Exercise description:
Your output should be the exact lines from the start of the data through the line containing "해당 상품들은 청량감을", with no pictures.

Collected material:
---------------
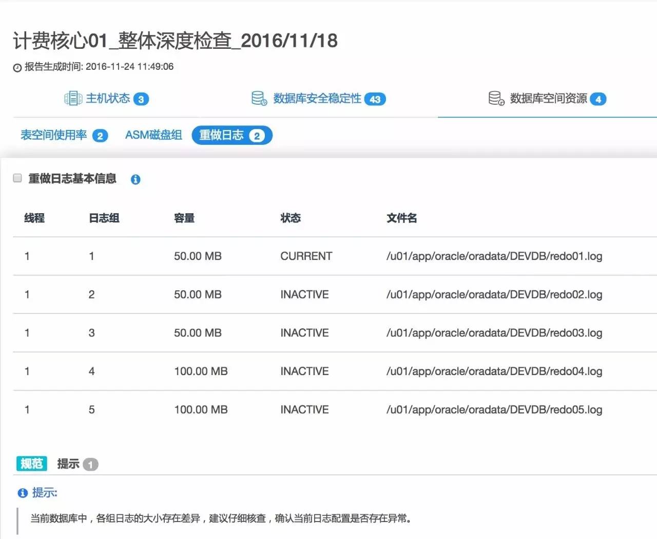 如果在日志设置上存在问题,Bethune会给出分析提示,如以下数据库的日志组大小不一致,三组日志大小是50M,另外两组日志大小是100M,这是不规范的配置,可能来自于某次临时的日志组增加,事实上需要DBA进行审视和整改:
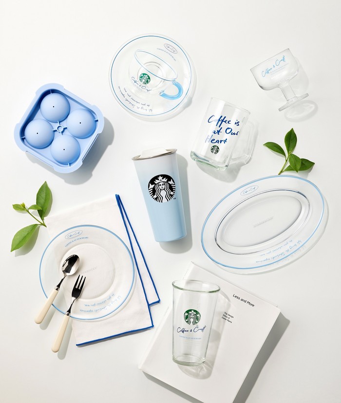 해당 상품들은 청량감을 주는 파란색을 강조한 디자인이 특징으로, 홈카페족을 겨냥한 아이스음료 컵, 디저트 컵을 비롯해 음식 플레이팅에 안성맞춤인 오발 플레이트, 여름철 실용성 높은 아이스 트레이, 텀블러 등 총 8종으로 구성됐다.
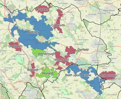 The Barnsley-Dearne Valley Built-up area is an urban area which extends from the town of Barnsley to Mexborough in South Yorkshire, England. The area takes in parts of the boroughs of Barnsley, Doncaster and Rotherham. The area includes villages and towns that lie in the Dearne and Rother Valleys. The area was recorded at having a population of 223,281.[1][2]
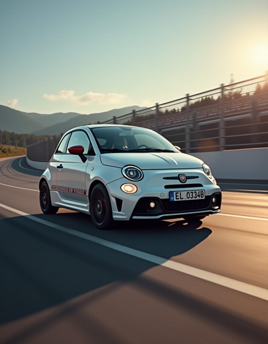 Imagem: um Fiat 500 numa pista de corrida. O carro usa motor TwinAir em algumas versões. Crédito: Arte/Blogolandia
---------------
Task result:
 如果在日志设置上存在问题,Bethune会给出分析提示,如以下数据库的日志组大小不一致,三组日志大小是50M,另外两组日志大小是100M,这是不规范的配置,可能来自于某次临时的日志组增加,事实上需要DBA进行审视和整改:
 해당 상품들은 청량감을 주는 파란색을 강조한 디자인이 특징으로, 홈카페족을 겨냥한 아이스음료 컵, 디저트 컵을 비롯해 음식 플레이팅에 안성맞춤인 오발 플레이트, 여름철 실용성 높은 아이스 트레이, 텀블러 등 총 8종으로 구성됐다.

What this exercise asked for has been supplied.